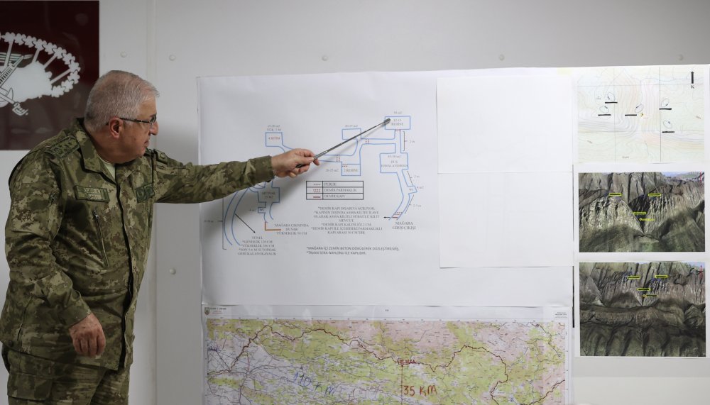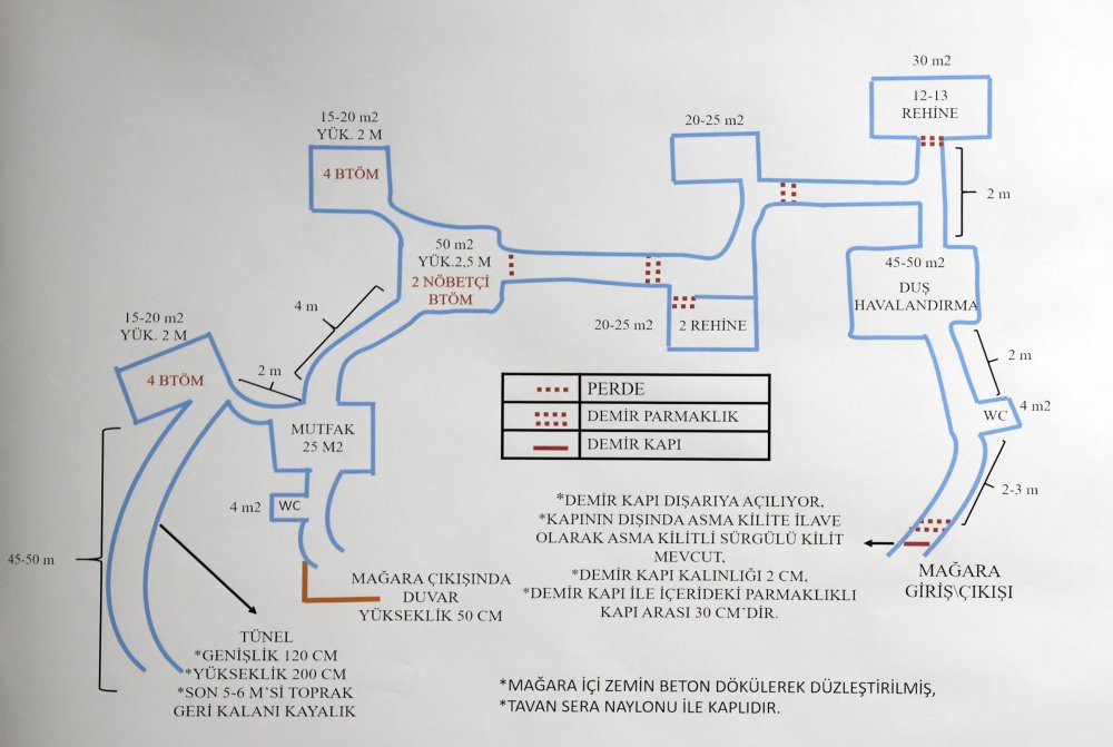 "Mağarada 3 giriş, 9 oda ve 7 tane de demir kapı var. Ayrıca mağaranın içerisinde sürekli zikzaklar var. Bazı noktalar da 1.20 metre yüksekliğinde, insanların sadece sürünerek veya çömelmiş vaziyette yürümek zorunda olduğu bir yapı oluşturulmuştur. Belli ki uzun bir süre çalışmadan sonra bu mağara meydana getirilmiş. 3. gün akşamüstü mağaradan kaçmaya çalışan bir terörist, unsurlarımız tarafından yakalanmıştır. 4. gün, yani bugün yine aynı noktadan sabah aynı şekilde kaçmaya çalışan başka bir terörist de ele geçirilmiştir. Bu teröristler içerde toplam 8 teröristin olduğunu açıklamıştır."
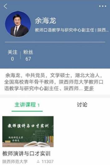 《演讲与口才》是余海龙老师所带的一门全校公选课程,此前余老师已经在中国大学慕课平台上建立了完备的《教师演讲与口才实训》课程资源,能够熟练地开展慕课线上教学。确定教学平台和方案后,余老师及时地建立了课程群聊,组织同学们开展学习,积极答疑,课堂效果良好。此外,余老师积极组织员工互动,为同学们提供展示的平台,锻炼同学们的口语表达能力,目前该课程在慕课平台的学习人数已经破万。
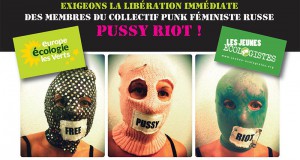 A Montpellier comme ailleurs, tous ces manifestants (cagoulés ou pas) demanderont la libération immédiate des membres de Pussy Riot, un groupe de punk féministe russe, en proie avec la justice de son État, depuis son concours à une prière punk intitulée « Sainte Vierge chasse Poutine » qui avait résonné dans la Cathédrale du Christ Sauveur, à Moscou.
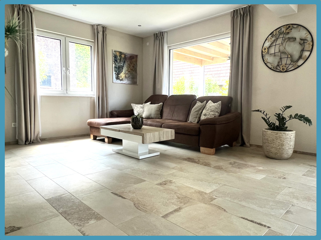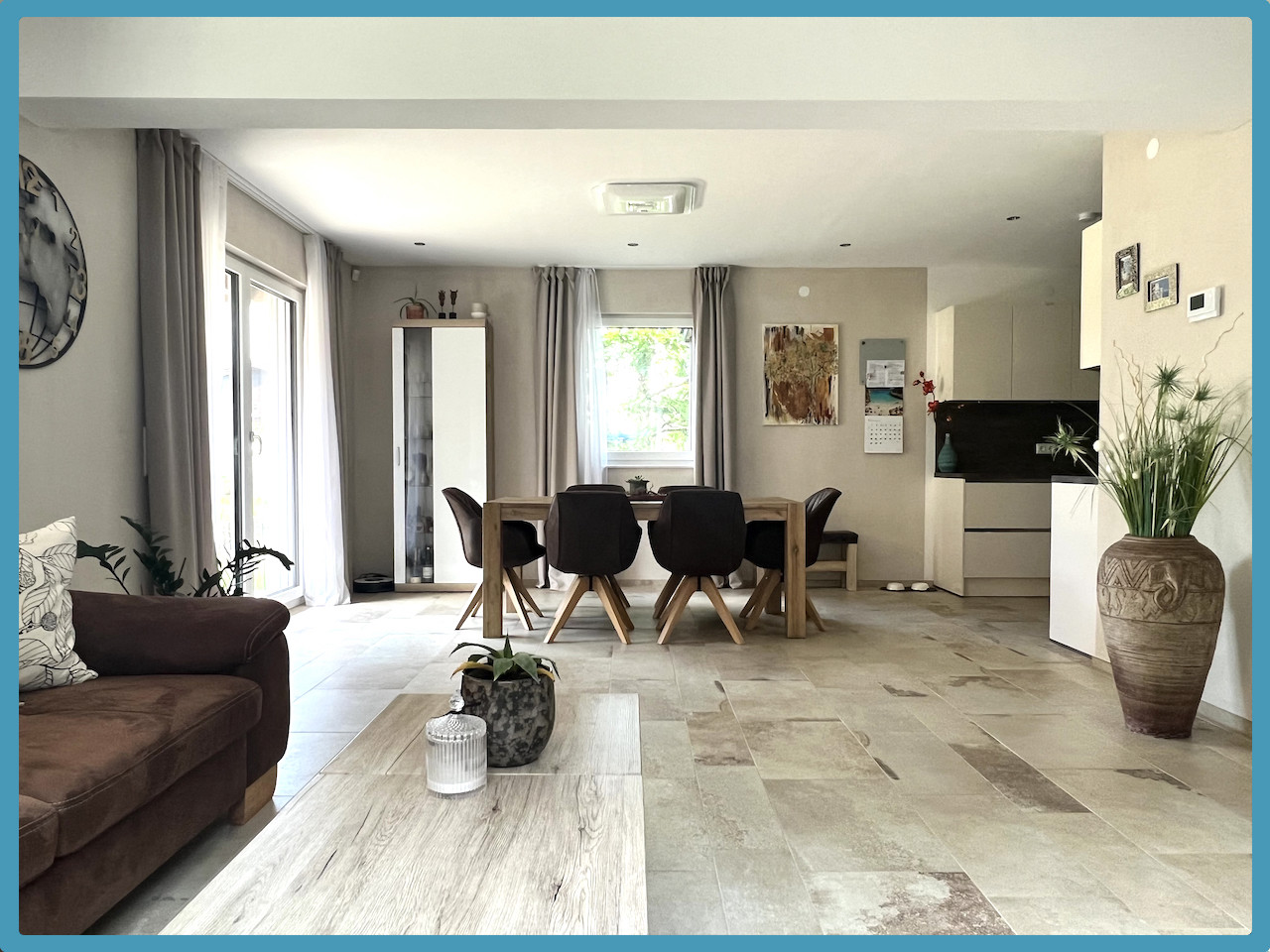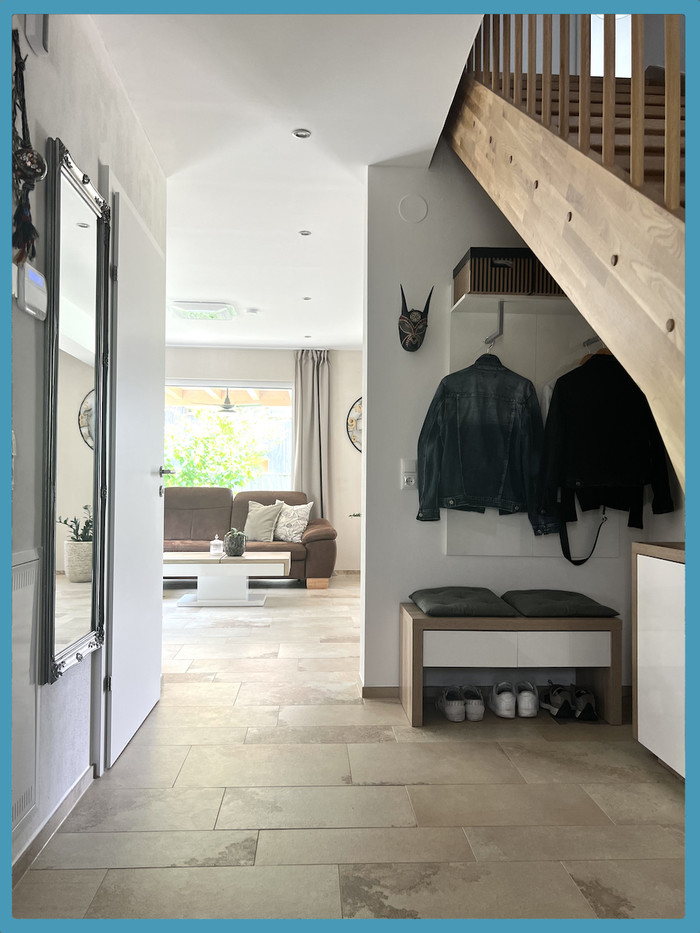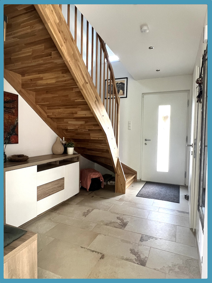 Im Erdgeschoss befinden sich ein großes Wohnzimmer/Esszimmer (hochwertiger Fliesenboden) und Zugang auf die große überdachte Terrasse (ca. 24,00 m²) sowie den gepfelgten Garten, Küche mit gut ausgestatteter und hochwertiger Einbauküche, Gang, WC, Abstellraum/Technikraum.
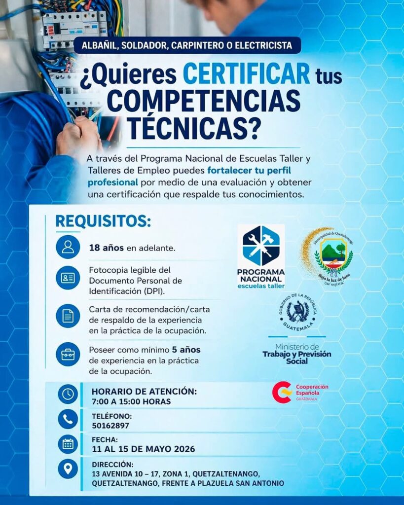 El Programa Nacional de Escuelas Taller y Talleres de Empleo anunció la apertura de una jornada para la certificación de competencias técnicas dirigida a trabajadores como albañiles, soldadores, carpinteros y electricistas en Quetzaltenango.
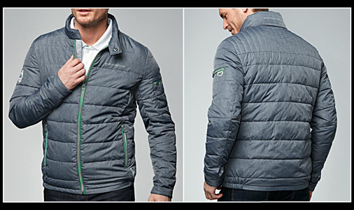 Veste homme Porsche Carrera RS 2.7 Veste matelassée légère - Rembourrage haute performance Couleur gris / vert vipère - Matière 66 % nylon / 34 % polyester Porsche WAP957

● Exercise brief
Transcribe each line above verbatim, with the pictures left out.

● Output for this exercise
 "Mağarada 3 giriş, 9 oda ve 7 tane de demir kapı var. Ayrıca mağaranın içerisinde sürekli zikzaklar var. Bazı noktalar da 1.20 metre yüksekliğinde, insanların sadece sürünerek veya çömelmiş vaziyette yürümek zorunda olduğu bir yapı oluşturulmuştur. Belli ki uzun bir süre çalışmadan sonra bu mağara meydana getirilmiş. 3. gün akşamüstü mağaradan kaçmaya çalışan bir terörist, unsurlarımız tarafından yakalanmıştır. 4. gün, yani bugün yine aynı noktadan sabah aynı şekilde kaçmaya çalışan başka bir terörist de ele geçirilmiştir. Bu teröristler içerde toplam 8 teröristin olduğunu açıklamıştır."
 《演讲与口才》是余海龙老师所带的一门全校公选课程,此前余老师已经在中国大学慕课平台上建立了完备的《教师演讲与口才实训》课程资源,能够熟练地开展慕课线上教学。确定教学平台和方案后,余老师及时地建立了课程群聊,组织同学们开展学习,积极答疑,课堂效果良好。此外,余老师积极组织员工互动,为同学们提供展示的平台,锻炼同学们的口语表达能力,目前该课程在慕课平台的学习人数已经破万。
 A Montpellier comme ailleurs, tous ces manifestants (cagoulés ou pas) demanderont la libération immédiate des membres de Pussy Riot, un groupe de punk féministe russe, en proie avec la justice de son État, depuis son concours à une prière punk intitulée « Sainte Vierge chasse Poutine » qui avait résonné dans la Cathédrale du Christ Sauveur, à Moscou.
 Im Erdgeschoss befinden sich ein großes Wohnzimmer/Esszimmer (hochwertiger Fliesenboden) und Zugang auf die große überdachte Terrasse (ca. 24,00 m²) sowie den gepfelgten Garten, Küche mit gut ausgestatteter und hochwertiger Einbauküche, Gang, WC, Abstellraum/Technikraum.
 El Programa Nacional de Escuelas Taller y Talleres de Empleo anunció la apertura de una jornada para la certificación de competencias técnicas dirigida a trabajadores como albañiles, soldadores, carpinteros y electricistas en Quetzaltenango.
 Veste homme Porsche Carrera RS 2.7 Veste matelassée légère - Rembourrage haute performance Couleur gris / vert vipère - Matière 66 % nylon / 34 % polyester Porsche WAP957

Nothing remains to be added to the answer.